On two of five tested Cubes with their respective carrier boards, Here3 stops working after the initial blue blinking series.
All tested with current, default parameters + 1Mbit, CAN, Plane/Copter
reducing CAN speed to 100k does not affect the issue.
NOT OK : (blinking blue, then LED’s go off, no CAN devices - if replugged, works fine)
/dev/serial/by-id/usb-Hex_ProfiCNC_CubeBlack_240028000C51363130363134-if00
/dev/serial/by-id/usb-Hex_ProfiCNC_CubeBlack_2C0043000551363037363632-if00
OK (just works)
/dev/serial/by-id/usb-Hex_ProfiCNC_CubeBlack_3D0046000851353430373938-if00
/dev/serial/by-id/usb-Hex_ProfiCNC_CubeBlack_35002B000D51363130363134-if00
/dev/serial/by-id/usb-Hex_ProfiCNC_CubeBlack_230026000D51363130363134-if00
The issue is not affected by using USB power(good cable) or a power module.
Odd things that make it work on “NOT OK” cubes:
1: BRD_BOOT_DELAY 700ms - 500 is too little, at 700ms it works just fine.

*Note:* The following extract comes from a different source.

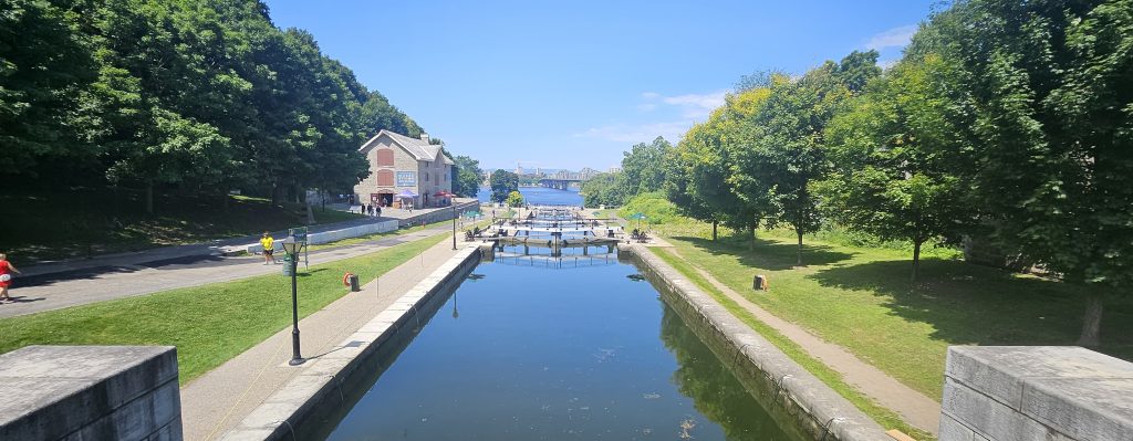 🌿 Nous avons ensuite traversé les jardins paysagers du Parlement, riches en fleurs et en points de vue sur la rivière des Outaouais, avant de longer les écluses du canal Rideau, classé au patrimoine mondial de l’UNESCO. Construit entre 1826 et 1832 pour des raisons militaires, ce canal permettait à l’origine de relier le fleuve Saint-Laurent aux Grands Lacs en évitant la menace américaine. Aujourd’hui, c’est un lieu de balade paisible, qui se transforme en patinoire l’hiver.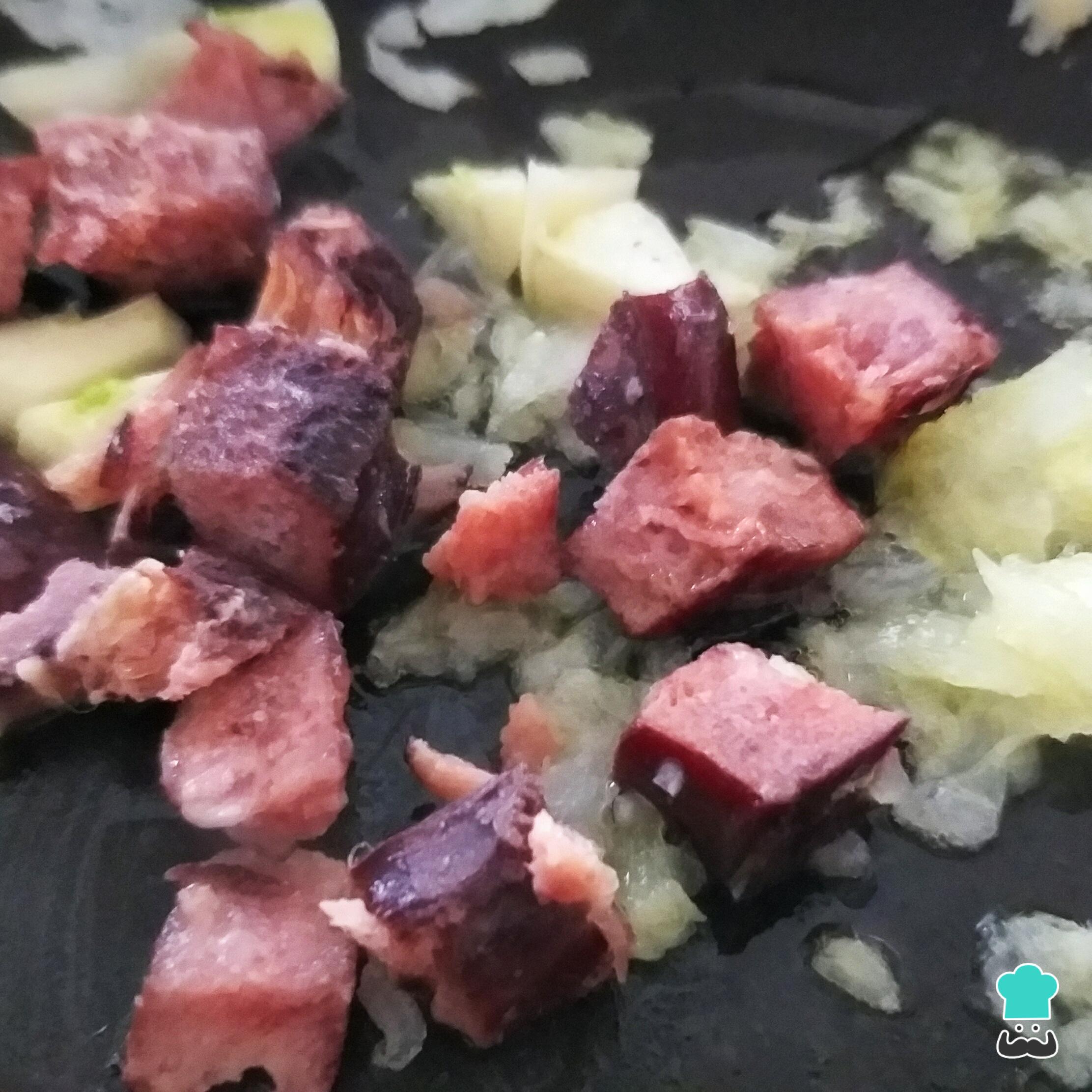 Acrescente as linguiças cortadas e mexa por 1 minuto.

2: reconnecting the Here3 CAN cable after boot.
3: I added a CAN analyzer interface to troubleshoot (no extra termination enabled) - just the presence of the CAN<>USB device makes it boot fine every time.
4: Powering the Here3 from a separate +5v
Right now you say “so this is brownout related”
So did I think too, checked voltage drop using oscilloscope but failed to find a real reason for the internal 3v3 components to brownout.
So I rigged a lab PSU to cause brownouts (to the Here3 only), I thought I could reveal poor or missing BOR design, but guess what - regardless of the type of brownout I caused, Here3 always recovered fully, and then got detected by the Cube/ardupilot.
So it remains a mystery why it fails to initialize properly on some boards, and that there are som many ways to work-around the issue.